Are function calls supported within the rseq c.s. ?
> + /*
> + * The ABI is relatively compact, with some differences for 32
> + * and 64-bit threads.
> + *
> + * Progress is ordered as follows:
> + * *0. USerspace stores current event+cpu counter values
USerspace -> Userspace
> + * 1. Userspace loads the rip to move to at failure into cx
> + * 2. Userspace loads the rip of the instruction following
> + * the critical section into a registered TLS address.
> + * 3. Userspace loads the values read at [0] into a known
> + * location.
> + * 4. Userspace tests to see whether the current event and
> + * cpu counter values match those stored at 0. Manually
> + * jumping to the address from [1] in the case of a
> + * mismatch.
> + *
> + * Note that if we are preempted or otherwise interrupted
> + * then the kernel can also now perform this comparison
> + * and conditionally jump us to [1].
> + * 4. Our final instruction bfeore [2] is then our commit.
bfeore -> before
> + * The critical section is self-terminating. [2] must
> + * also be cleared at this point.
> + *
> + * For x86_64:
> + * [3] uses rdx to represent cpu and event counter as a
> + * single 64-bit value.
> + *
> + * For i386:
> + * [3] uses ax for cpu and dx for the event_counter.
> + *
> + * Both:
> + * Instruction after commit: rseq_state->post_commit_instr
> + * Current event and cpu state: rseq_state->event_and_cpu
^ see comments on patch 0/3 changelog.
> + *
Empty line to remove.
Thanks,
Mathieu
> + */
> + if (rseq_regs_cpu(regs, is_i386) != cpu ||
> + rseq_regs_event_count(regs, is_i386) !=
> + rseq_state->event_counter) {
> + if (clear_user(rseq_state->post_commit_instr_addr,
> + addr_size))
> + goto fail;
> +
> + /*
> + * We set this after potentially failing in clear_user
> + * so that the signal arrives at the faulting rip.
> + */
> + regs->ip = regs->cx;
> + }
> + }
> +
> + /* Update state.
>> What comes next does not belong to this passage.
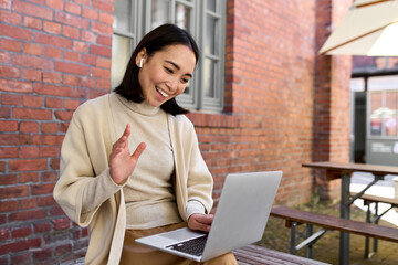 Low angle view profile side photo of asian positive education study blogger girl sit table use laptop greet coach seminar webinar waving hand in house indoors

Compute the next expected state value. */
> + state_value = rseq_encode_cpu_and_event_count(cpu,
> + ++rseq_state->event_counter);
> +
> + if (put_user(state_value, rseq_state->event_and_cpu))
> + goto fail;
> +
> + return;
> +fail:
> + /*
> + * User space has made some (invalid) protection change that does not
> + * allow us to safely continue execution. SEGV is the result.
> + */
> + force_sig(SIGSEGV, current);
> +}
> diff --git a/arch/x86/kernel/signal.c b/arch/x86/kernel/signal.c
> index b7ffb7c..58f8813 100644
> --- a/arch/x86/kernel/signal.c
> +++ b/arch/x86/kernel/signal.c
> @@ -30,6 +30,7 @@
> #include <asm/fpu/signal.h>
> #include <asm/vdso.h>
> #include <asm/mce.h>
> +#include <asm/restartable_sequences.h>
> #include <asm/sighandling.h>
> #include <asm/vm86.h>
>
> @@ -615,6 +616,12 @@ setup_rt_frame(struct ksignal *ksig, struct pt_regs
> *regs)
> sigset_t *set = sigmask_to_save();
> compat_sigset_t *cset = (compat_sigset_t *) set;
>
> +#ifdef CONFIG_RESTARTABLE_SEQUENCES
> + /* Increment the event counter for the, present, pre-signal frame. */
There appears to be a lot of, commas, here. ;-)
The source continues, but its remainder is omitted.